Worst-case expected running time for Randomized Permutation Algorithm

Question

I have an algorithm which, when given a positive integer N, generates a permutation of the first N integers (from 1 to N) using a method called randInt(x,y). The method randInt(x,y) will generate a random integer between the numbers x and y, provided they are positive integers and y >= x.

The algorithm is given by the following pseudo-code:

1.  if (N <= 0) {
2.     return null
3.  } else {
4.     A := new int[] w/ size N and all cells initialized to 0
5.     a[0] := randInt(1,N)
6.     for (i := 1 to length(A)-1) do 
7.        boolean rInA := True
8.        while (rInA) {
9.           rInA := False 
10.          int r := randInt(1,N)
11.          for (j := 0 to (i-1)) do 
12.             if (r = A[j]) {
13.                rInA := True
14.             }
15.          }   
16.       }
17.       A[i] := r
18.    }
19. }
20. return A

My understanding of the algorithm is as follows:

The outermost for-loop will run N-1 times and for each of those iterations a random number is generated and then compared to all the previous cells of A that have been visited in previous iterations. If any of the those cells contain that randomly generated number then that number cannot be used and a new number is randomly generated (in the next iteration of that nested while-loop). This new randomly generated number is then, like before, compared to all the previously visited cells in A to check for duplication. This continues until randInt(x,y) generates a random number that is not already in the first i cells of A.

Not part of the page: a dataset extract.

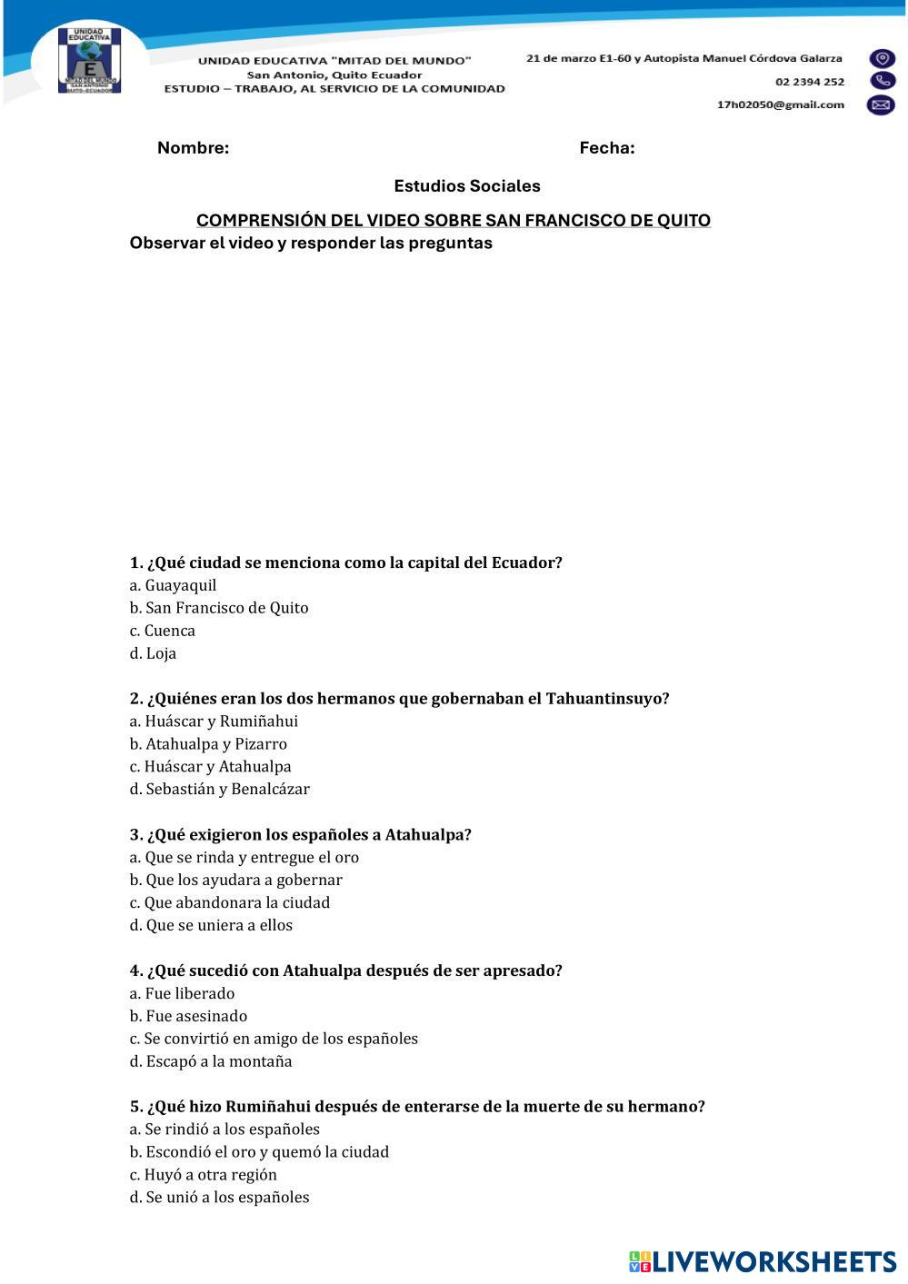 Created byMonilú Estudios Sociales Historia de Quito Age 8-14 level: CUARTO GRADO Spanish Author's Instructions My Google Classroom Courses × 0 classes selected (0 students total) Quick Access Select all classes (0 classes) All Classes Loading courses... Cancel Share Share to selected Course __COURSE_NAME__ __STUDENT_NAME__ (__STUDENT_EMAIL__) COMPRENSIÓN DEL VIDEO SOBRE SAN FRANCISCO DE QUITO Download Worksheet Validation Check my answers Emails my answers to my teacher Full name Group/level School subject Teacher's email or key code Close Submit Validating worksheet... (12) Your answers have been sent to your teacher. Good luck! OK We encountered an error submitting your answers. Please try again. OK Advertisement | Go Ad Free Created byMonilú Estudios Sociales Historia de Quito Age 8-14 level: CUARTO GRADO Spanish Author's Instructions

This leads me to believe that the Worst-case expected running time of the algorithm is something like: $\sum_{i=1}^{N-1}(\alpha i)$

Now the $\alpha$ here represents the effect the while-loop has on the running time and is the point of uncertainty for me. I know that in the first iteration of the outermost for loop its unlikely that randInt will generate the one integer that A already contains (1/N I believe) so that inner-most for-loop is likely to only execute once. However, by the last iteration (of outer-most for-loop) the probability that randInt generates one of the N-1 integers already in A is $\frac{N-1}{N}$ so because of the while-loop its likely that the inner-most for-loop for that iteration (of the outer-most for-loop) will execute more like n times.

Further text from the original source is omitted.